Words spoken by Winston, the protagonist in George Orwell’s 1984. He’s with Julia, his lover and partner-in-thoughtcrime, staring out over the courtyard below their rented room, their hideaway.

In an age where every room in every building has a telescreen – a two-way communication device that watches, that listens, and that drip-feeds a steady stream of propaganda, they think they’ve found some respite – a musty room above a junk shop in the proletariate side of town. Free from prying eyes of the Party, perhaps.

But he knows, they both know, there is no escape. The system is too pervasive, too complete in its myriad of spies, informers, cameras, microphones. Party officials and Thought Police and neighbours and children, all waiting for a sign to turn them in. And then …

We are the dead.

It was Julian Assange I had in my mind when I wrote my song, We are the dead, which you’ll find on the latest album, Welcome to Zombieland. (If the lyrics aren’t clear enough, the live version has a little homemade video that kinda pushes the point too.)

The parallels are there.

As Winston knew would happen, they are arrested (turns out that the room was rented to them by a member of the Thought Police – all along there was a telescreen hidden behind a picture in their room).

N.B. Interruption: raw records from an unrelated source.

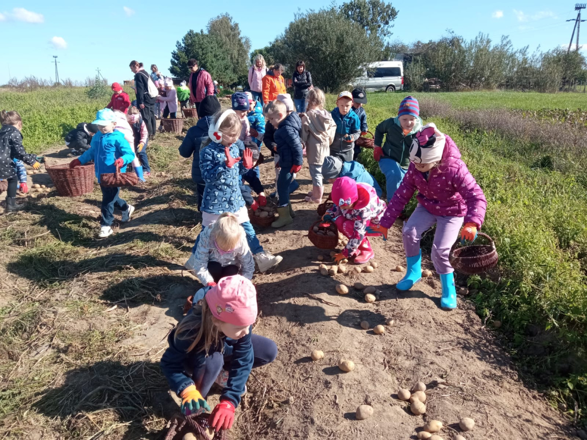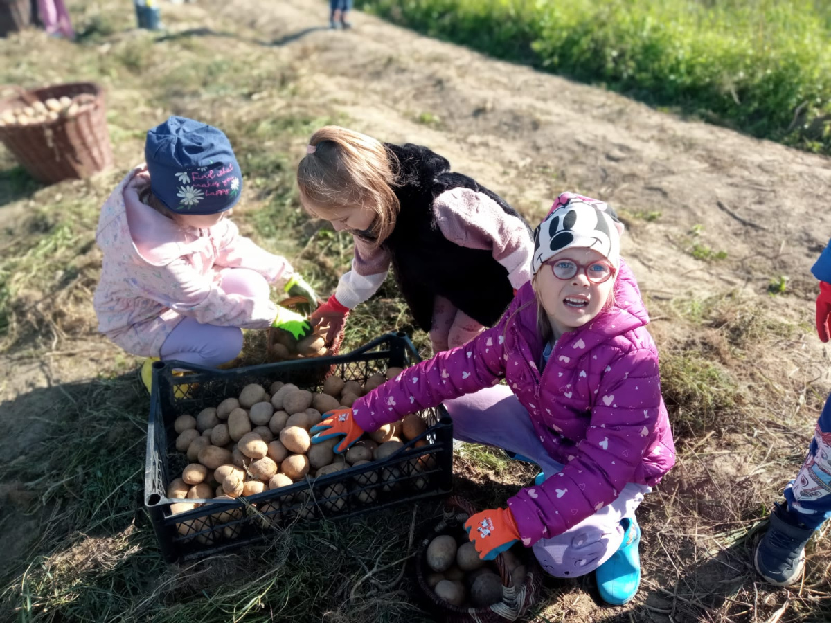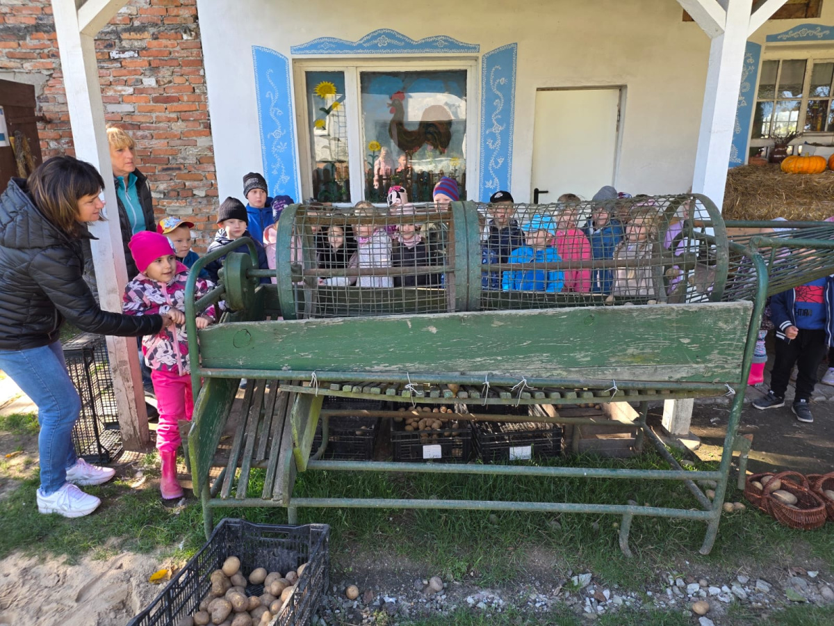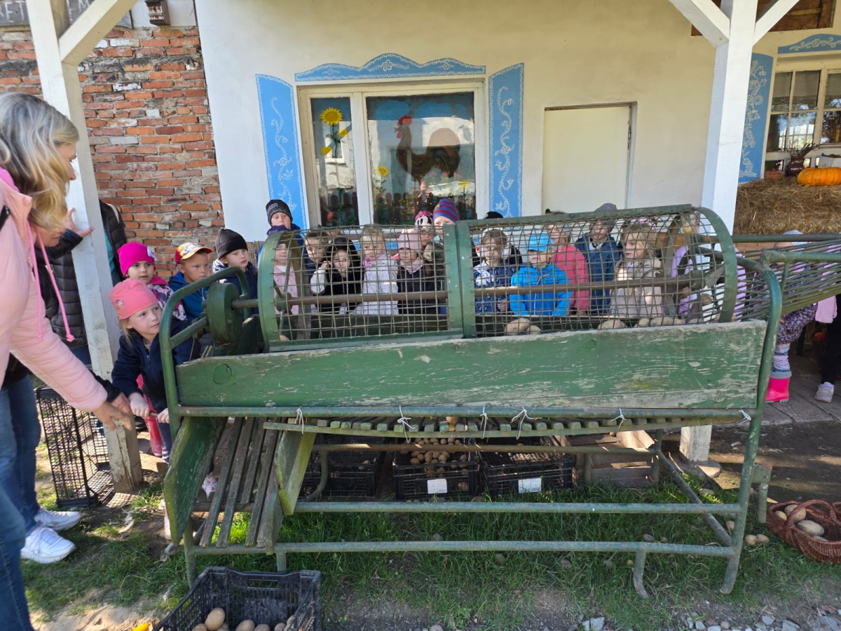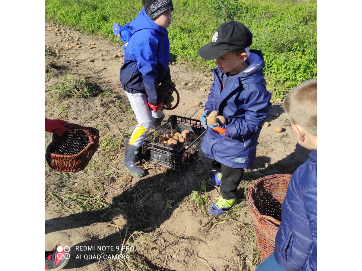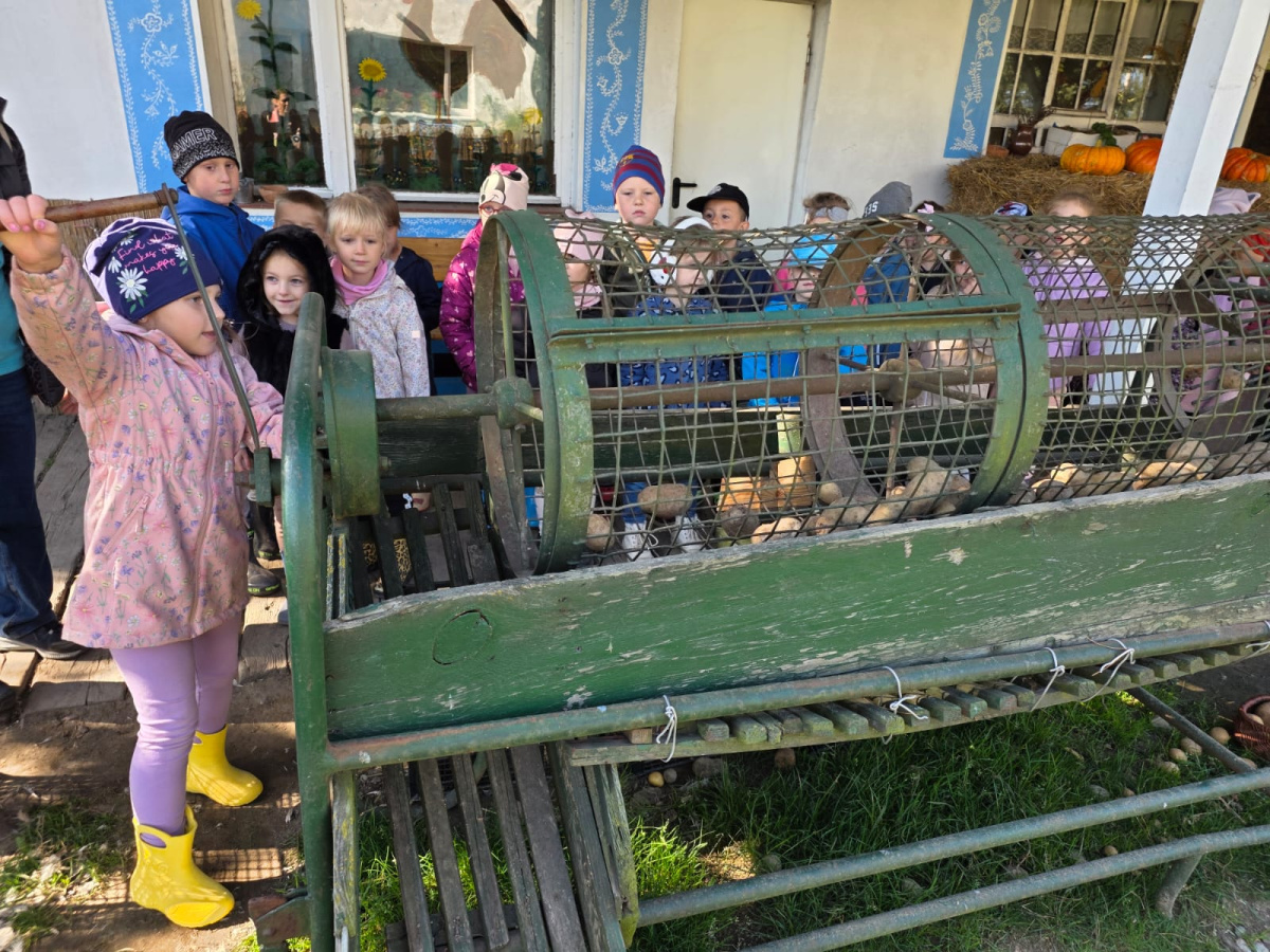 Na sam początek dnia wyruszyliśmy wozem po polach, podziwialiśmy otoczenie i klucze żurawi. Następnie rozgrzaliśmy sie przy pysznej malinowej herbatce,tworząc ziemniaczane cudaki-każdy z nas wykazał się kreatywnością. Próbowaliśmy tez smacznych ,polskich ziemniaków z pieca. Zwiedziliśmy wystawę starych przedmiotów, nakarmiliśmy głodne zwierzątka- to zadanie sprawiło nam dużo frajdy. Pobawiliśmy sie na ogromnym placu, a na koniec udaliśmy się na wykopki. To było zadanie stworzone dla wszystkich dzieci, nikt tak szybko jak Sówki i Biedronki nie potrafi zbierać na polu ziemniaków. Zmęczeni i zadowoleni wróciliśmy do przedszkola na pyszny obiadek.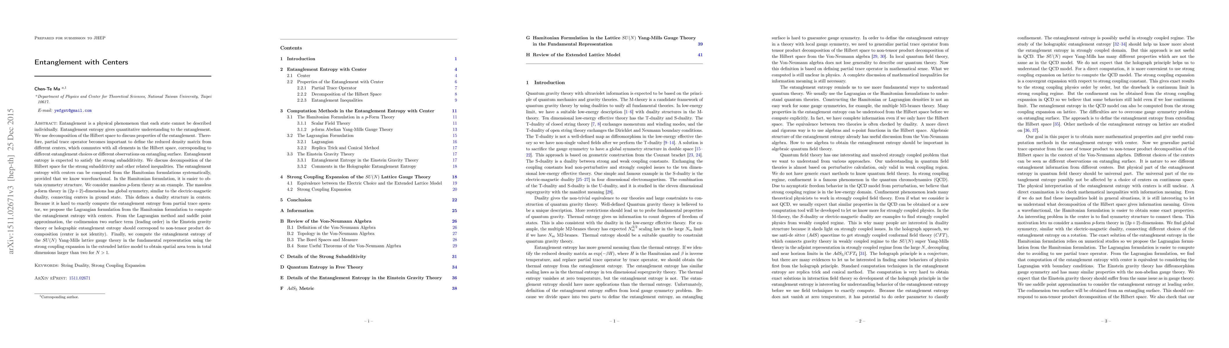 Entanglement is a physical phenomenon that each state cannot be described individually. Entanglement entropy gives quantitative understanding to the entanglement. We use decomposition of the Hilbert space to discuss properties of the entanglement. Therefore, partial trace operator becomes important to define the reduced density matrix from different centers, which commutes with all elements in the Hilbert space, corresponding to different entanglement choices or different observations on entangling surface. Entanglement entropy is expected to satisfy the strong subadditivity. We discuss decomposition of the Hilbert space for the strong subadditivity and other related inequalities. The entanglement entropy with centers can be computed from the Hamitonian formulations systematically, provided that we know wavefunctional. In the Hamitonian formulation, it is easier to obtain symmetry structure. We consider massless $p$-form theory as an example. The massless $p$-form theory in ($2p+2)$-dimensions has global symmetry, similar to the electric-magnetic duality, connecting centers in ground state. This defines a duality structure in centers. Because it is hard to exactly compute the entanglement entropy from partial trace operator, we propose the Lagrangian formulation from the Hamitonian formulation to compute the entanglement entropy with centers. From the Lagrangian method and saddle point approximation, the codimension two surface term (leading order) in the Einstein gravity theory or holographic entanglement entropy should correspond to non-tensor product decomposition (center is not identity). Finally, we compute the entanglement entropy of the $SU(N)$ Yang-Mills lattice gauge theory in the fundamental representation using the strong coupling expansion in the extended lattice model to obtain spatial area term in total dimensions larger than two for $N>1$.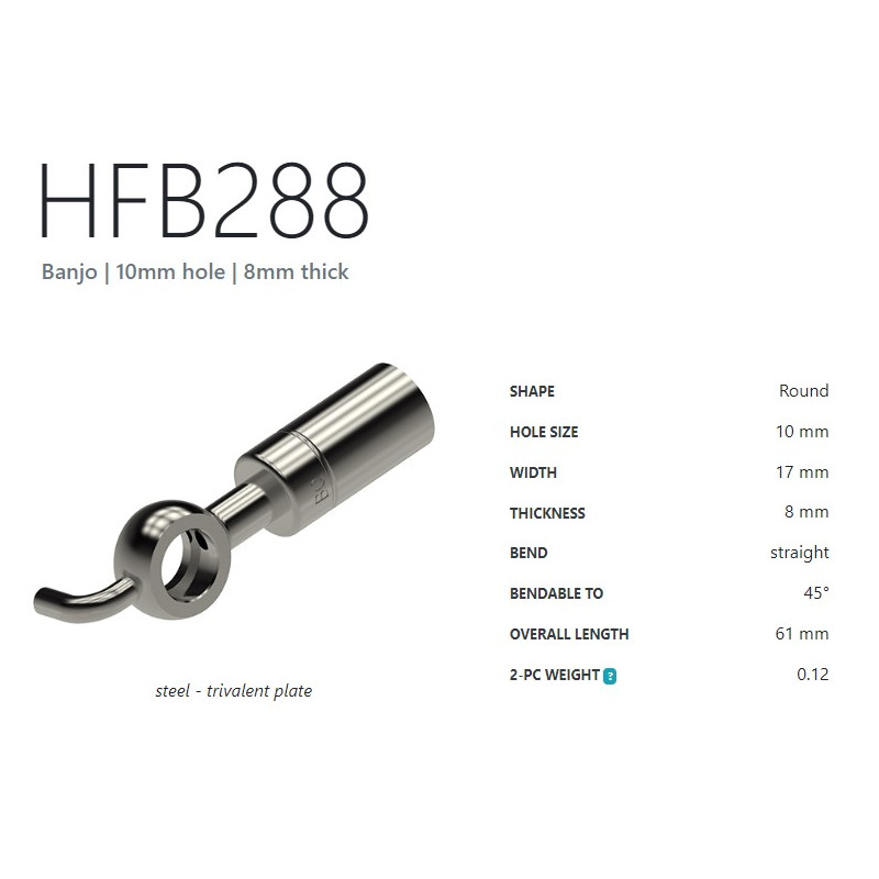 Oko - otvor 10 mm. Ohybatelné do 45°. Šířka 17 mm. Výška 08 mm. Délka 66 mm.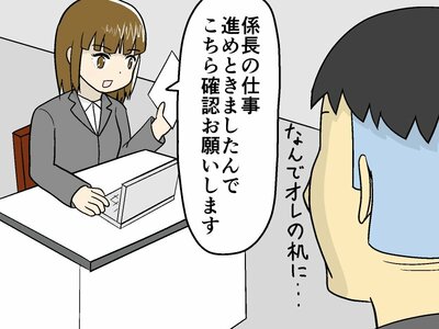 そうこうしているうちに、ようやくタバコ休憩を終えて、自席に戻ってきた係長。すると、新人女子が、係長のデスクに座ってパソコンのなにやら操作をしています。そして戻ってきた係長を見ると、にっこり笑って「係長の仕事を進めておきましたので、こちらの確認をお願いできますか?」と一言。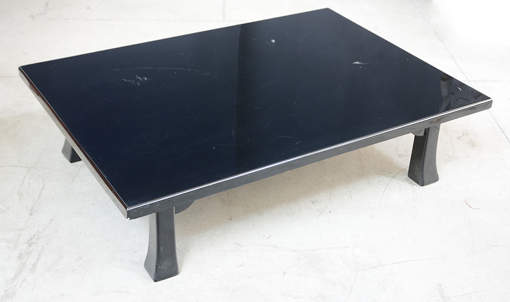 Tavolino da salotto in legno laccato nero lucido. (cm 120x32x84) (lievi difetti)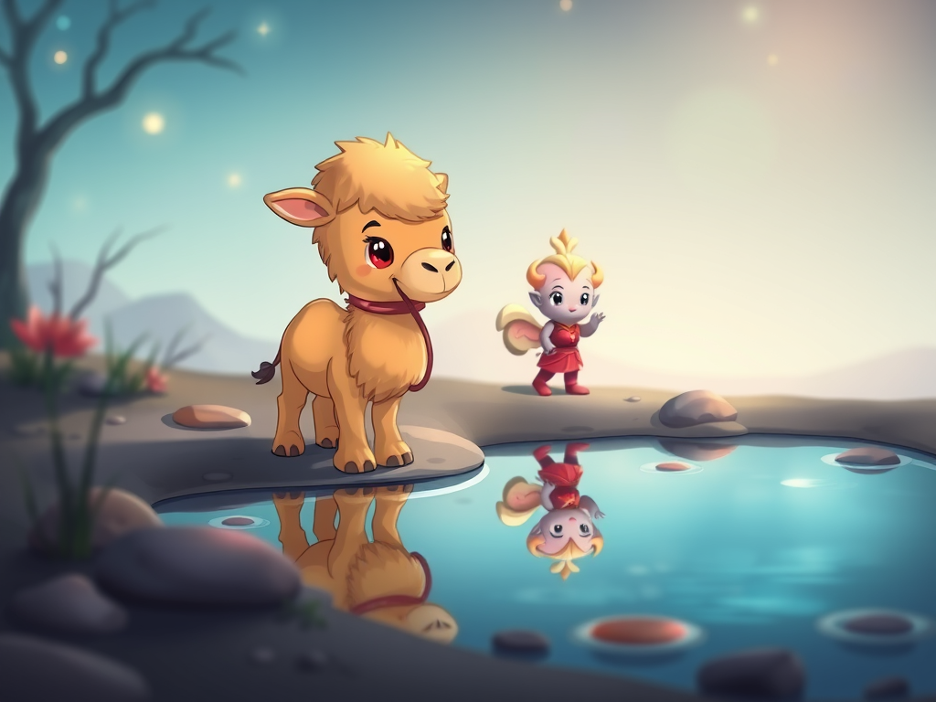 The Djinn sat down, with his chin in his hand, and began to think a Great Magic, while the Camel looked at his own reflection in the pool of water.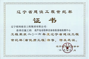“葫蘆島市特種設(shè)備檢驗(yàn)基地檢測(cè)中心”榮獲2016年度遼寧省建設(shè)工程世紀(jì)杯稱號(hào)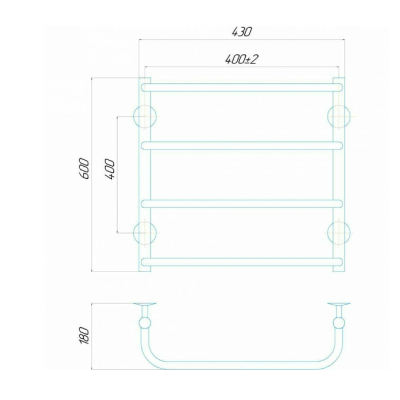 Висота цієї рушникосушарки становить 600 мм, а ширина - 400 мм, що робить її компактною та чудово підходить для невеликих ванних кімнат. Її глибина – 180 мм, що забезпечує надійне кріплення до стіни. Потужність пристрою становить 80 Вт, що забезпечує достатнє тепло для сушіння рушників та одягу.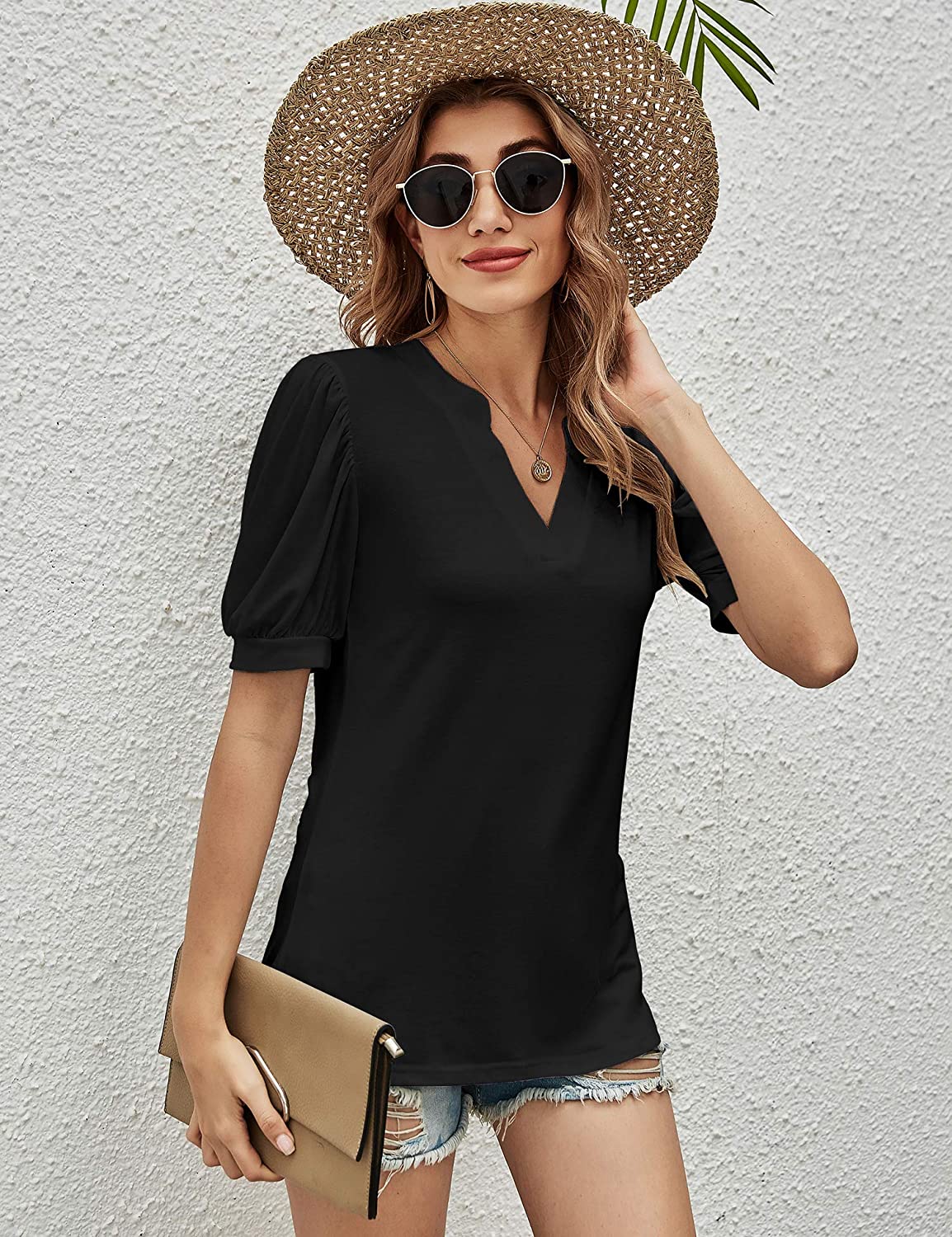 Romanstii Women Casual V-neck T-Shirts Loose Puff Short Sleeve Tops Tunic Blouses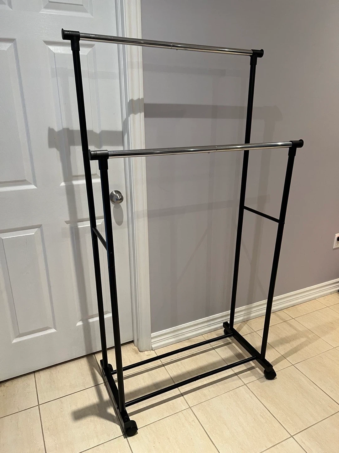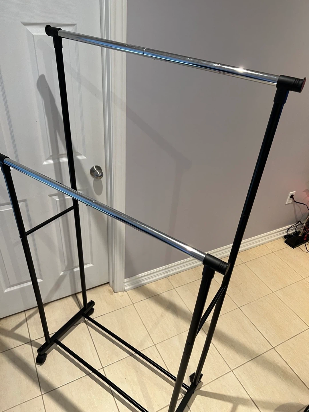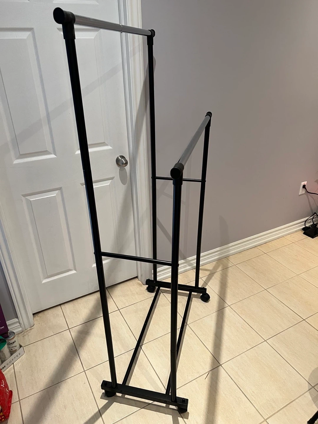 This is a black double garment rack. It has two hanging rails for clothes. The rack is on wheels for easy movement. It's approximately 63 inches tall. It provides lots of hanging space!

As with Julian Assange, they are kept in solitary confinement. We follow Winston as he is tortured. And whilst Winston’s torture still feels in the realms of sci-fi, with buttons, machines and intangible but excruciating pain, that of Julian Assange is the banal drip, drip of isolation, psychological attack, insecurity and debasement. Torture tried and true, nonetheless.

Assange’s extradition trial, a sure-footed mockery of justice, due process and any concept of fairness, was completed with scarce a comment from the mainstream: big business, corporate media, the security state and captured politicians – the perfect recipe for public apathy as British justice and values are swept, with little ado, over a still and silent cliff edge.

Any of Craig Murray’s reports from the trial – he was virtually the only reporter to get access to the public gallery and observe the trial first-hand; video-links were denied, too, to NGOs, MEPs, and most media organisations – are worth the read: to the point, stark in their honesty. Here’s his last report, day 21, and a video interview with RT if you prefer it face to face.

Winston was broken; he came to know that two plus two equals five, and his love for Big Brother knew no bounds.

Reports from concerned people with expertise, for example a group of doctors whose letter was published in the Lancet, make it clear that Julian Assange is, in similar fashion, being destroyed; if not in front of our eyes, at least within reach of our keyboard and monitor.

If extradited, he faces the rest of his life in a US Supermax prison. We’re kept at bay. Black-out on news. Communications cut off. Gentle demonstrators trashed. Julian knows, we are the dead.

In a previous blog I quoted from Zen and the Art of Motorcycle Maintenance. Now at the end of that book, another passage that seems more than relevant:

The Church of Reason, like all institutions of the System, is based not on individual strength but upon individual weakness. What’s really demanded in the Church of Reason is not ability, but inability. Then you are considered teachable. A truely able person is always a threat.

And as we watch our rights being put on hold, temporarily we’re told, and our movements as well as our thoughts watched, weighed and measured, as we spend our waking moments living in virtual spaces devised by algorithms and implented by blindmen, as we sleepwalk clutching to the straw that it will all be OK, as we watch our leaders grin and sign treaties and bury the starving and bomb the poor, as we learn to hate and to forget or to ignore or disdain, as dystopia becomes the new normal, how those words ring true.

The schools might be open for the time being, but minds are closed. We are the dead.